* What to produce: From the listing below, output only the lines starting at the line that has "EXCAVATION HAZARDS Employee" and ending at the line that has "A Semicor Max", exactly as they appear, ends included.

* Extracted data:
═══

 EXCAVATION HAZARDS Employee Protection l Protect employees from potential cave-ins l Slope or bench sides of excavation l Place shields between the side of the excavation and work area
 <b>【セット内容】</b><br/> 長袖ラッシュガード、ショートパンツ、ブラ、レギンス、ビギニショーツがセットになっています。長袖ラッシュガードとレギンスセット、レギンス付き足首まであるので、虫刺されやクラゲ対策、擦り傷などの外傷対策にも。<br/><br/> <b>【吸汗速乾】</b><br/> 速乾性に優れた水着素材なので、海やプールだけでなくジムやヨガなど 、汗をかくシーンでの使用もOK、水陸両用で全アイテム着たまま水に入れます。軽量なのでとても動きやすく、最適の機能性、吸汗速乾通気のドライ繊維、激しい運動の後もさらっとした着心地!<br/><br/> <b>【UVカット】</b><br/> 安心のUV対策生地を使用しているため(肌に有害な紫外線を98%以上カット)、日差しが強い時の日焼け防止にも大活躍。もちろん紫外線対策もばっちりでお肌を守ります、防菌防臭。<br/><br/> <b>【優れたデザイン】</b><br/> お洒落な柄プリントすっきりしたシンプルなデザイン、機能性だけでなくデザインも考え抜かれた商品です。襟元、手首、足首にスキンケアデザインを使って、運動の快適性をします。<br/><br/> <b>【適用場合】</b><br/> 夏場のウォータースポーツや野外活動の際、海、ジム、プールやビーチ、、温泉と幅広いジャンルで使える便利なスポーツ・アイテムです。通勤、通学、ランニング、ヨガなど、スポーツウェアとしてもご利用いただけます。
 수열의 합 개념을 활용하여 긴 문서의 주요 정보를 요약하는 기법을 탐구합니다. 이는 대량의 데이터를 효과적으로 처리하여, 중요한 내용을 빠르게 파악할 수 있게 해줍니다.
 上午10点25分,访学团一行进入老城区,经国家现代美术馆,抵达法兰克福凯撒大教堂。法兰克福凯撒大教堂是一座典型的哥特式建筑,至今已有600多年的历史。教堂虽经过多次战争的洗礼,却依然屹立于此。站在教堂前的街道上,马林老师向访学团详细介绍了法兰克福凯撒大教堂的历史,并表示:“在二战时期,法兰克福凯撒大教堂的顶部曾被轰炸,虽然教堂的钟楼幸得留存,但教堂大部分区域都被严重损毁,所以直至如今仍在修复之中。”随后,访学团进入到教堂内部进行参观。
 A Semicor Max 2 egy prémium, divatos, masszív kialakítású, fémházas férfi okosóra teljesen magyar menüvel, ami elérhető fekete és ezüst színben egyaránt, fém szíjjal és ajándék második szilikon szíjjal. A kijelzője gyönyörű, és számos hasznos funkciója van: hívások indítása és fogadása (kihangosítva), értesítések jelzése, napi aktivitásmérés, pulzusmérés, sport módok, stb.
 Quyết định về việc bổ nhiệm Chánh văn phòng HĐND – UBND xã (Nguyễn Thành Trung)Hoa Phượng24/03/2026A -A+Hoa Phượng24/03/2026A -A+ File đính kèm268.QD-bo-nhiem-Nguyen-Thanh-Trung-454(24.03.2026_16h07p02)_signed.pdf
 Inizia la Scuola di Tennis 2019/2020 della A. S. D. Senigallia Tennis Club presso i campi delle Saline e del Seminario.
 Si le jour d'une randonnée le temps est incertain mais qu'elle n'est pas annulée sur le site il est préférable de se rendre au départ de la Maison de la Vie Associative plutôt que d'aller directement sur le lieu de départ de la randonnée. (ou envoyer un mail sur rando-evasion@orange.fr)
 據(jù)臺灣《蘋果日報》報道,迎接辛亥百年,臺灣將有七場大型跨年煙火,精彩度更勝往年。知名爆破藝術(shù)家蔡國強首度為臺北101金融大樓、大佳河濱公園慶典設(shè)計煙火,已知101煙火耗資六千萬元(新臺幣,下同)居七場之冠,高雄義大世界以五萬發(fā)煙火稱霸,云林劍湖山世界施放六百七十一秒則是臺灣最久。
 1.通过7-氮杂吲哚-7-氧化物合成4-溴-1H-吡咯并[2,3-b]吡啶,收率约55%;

═══

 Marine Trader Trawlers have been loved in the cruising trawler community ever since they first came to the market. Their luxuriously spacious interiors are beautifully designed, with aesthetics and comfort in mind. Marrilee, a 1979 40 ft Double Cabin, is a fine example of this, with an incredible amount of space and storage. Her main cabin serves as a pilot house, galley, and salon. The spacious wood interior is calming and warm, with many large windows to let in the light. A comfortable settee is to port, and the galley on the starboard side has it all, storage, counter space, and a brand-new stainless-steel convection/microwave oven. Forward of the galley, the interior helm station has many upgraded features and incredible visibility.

═══

* Exercise output:
 EXCAVATION HAZARDS Employee Protection l Protect employees from potential cave-ins l Slope or bench sides of excavation l Place shields between the side of the excavation and work area
 <b>【セット内容】</b><br/> 長袖ラッシュガード、ショートパンツ、ブラ、レギンス、ビギニショーツがセットになっています。長袖ラッシュガードとレギンスセット、レギンス付き足首まであるので、虫刺されやクラゲ対策、擦り傷などの外傷対策にも。<br/><br/> <b>【吸汗速乾】</b><br/> 速乾性に優れた水着素材なので、海やプールだけでなくジムやヨガなど 、汗をかくシーンでの使用もOK、水陸両用で全アイテム着たまま水に入れます。軽量なのでとても動きやすく、最適の機能性、吸汗速乾通気のドライ繊維、激しい運動の後もさらっとした着心地!<br/><br/> <b>【UVカット】</b><br/> 安心のUV対策生地を使用しているため(肌に有害な紫外線を98%以上カット)、日差しが強い時の日焼け防止にも大活躍。もちろん紫外線対策もばっちりでお肌を守ります、防菌防臭。<br/><br/> <b>【優れたデザイン】</b><br/> お洒落な柄プリントすっきりしたシンプルなデザイン、機能性だけでなくデザインも考え抜かれた商品です。襟元、手首、足首にスキンケアデザインを使って、運動の快適性をします。<br/><br/> <b>【適用場合】</b><br/> 夏場のウォータースポーツや野外活動の際、海、ジム、プールやビーチ、、温泉と幅広いジャンルで使える便利なスポーツ・アイテムです。通勤、通学、ランニング、ヨガなど、スポーツウェアとしてもご利用いただけます。
 수열의 합 개념을 활용하여 긴 문서의 주요 정보를 요약하는 기법을 탐구합니다. 이는 대량의 데이터를 효과적으로 처리하여, 중요한 내용을 빠르게 파악할 수 있게 해줍니다.
 上午10点25分,访学团一行进入老城区,经国家现代美术馆,抵达法兰克福凯撒大教堂。法兰克福凯撒大教堂是一座典型的哥特式建筑,至今已有600多年的历史。教堂虽经过多次战争的洗礼,却依然屹立于此。站在教堂前的街道上,马林老师向访学团详细介绍了法兰克福凯撒大教堂的历史,并表示:“在二战时期,法兰克福凯撒大教堂的顶部曾被轰炸,虽然教堂的钟楼幸得留存,但教堂大部分区域都被严重损毁,所以直至如今仍在修复之中。”随后,访学团进入到教堂内部进行参观。
 A Semicor Max 2 egy prémium, divatos, masszív kialakítású, fémházas férfi okosóra teljesen magyar menüvel, ami elérhető fekete és ezüst színben egyaránt, fém szíjjal és ajándék második szilikon szíjjal. A kijelzője gyönyörű, és számos hasznos funkciója van: hívások indítása és fogadása (kihangosítva), értesítések jelzése, napi aktivitásmérés, pulzusmérés, sport módok, stb.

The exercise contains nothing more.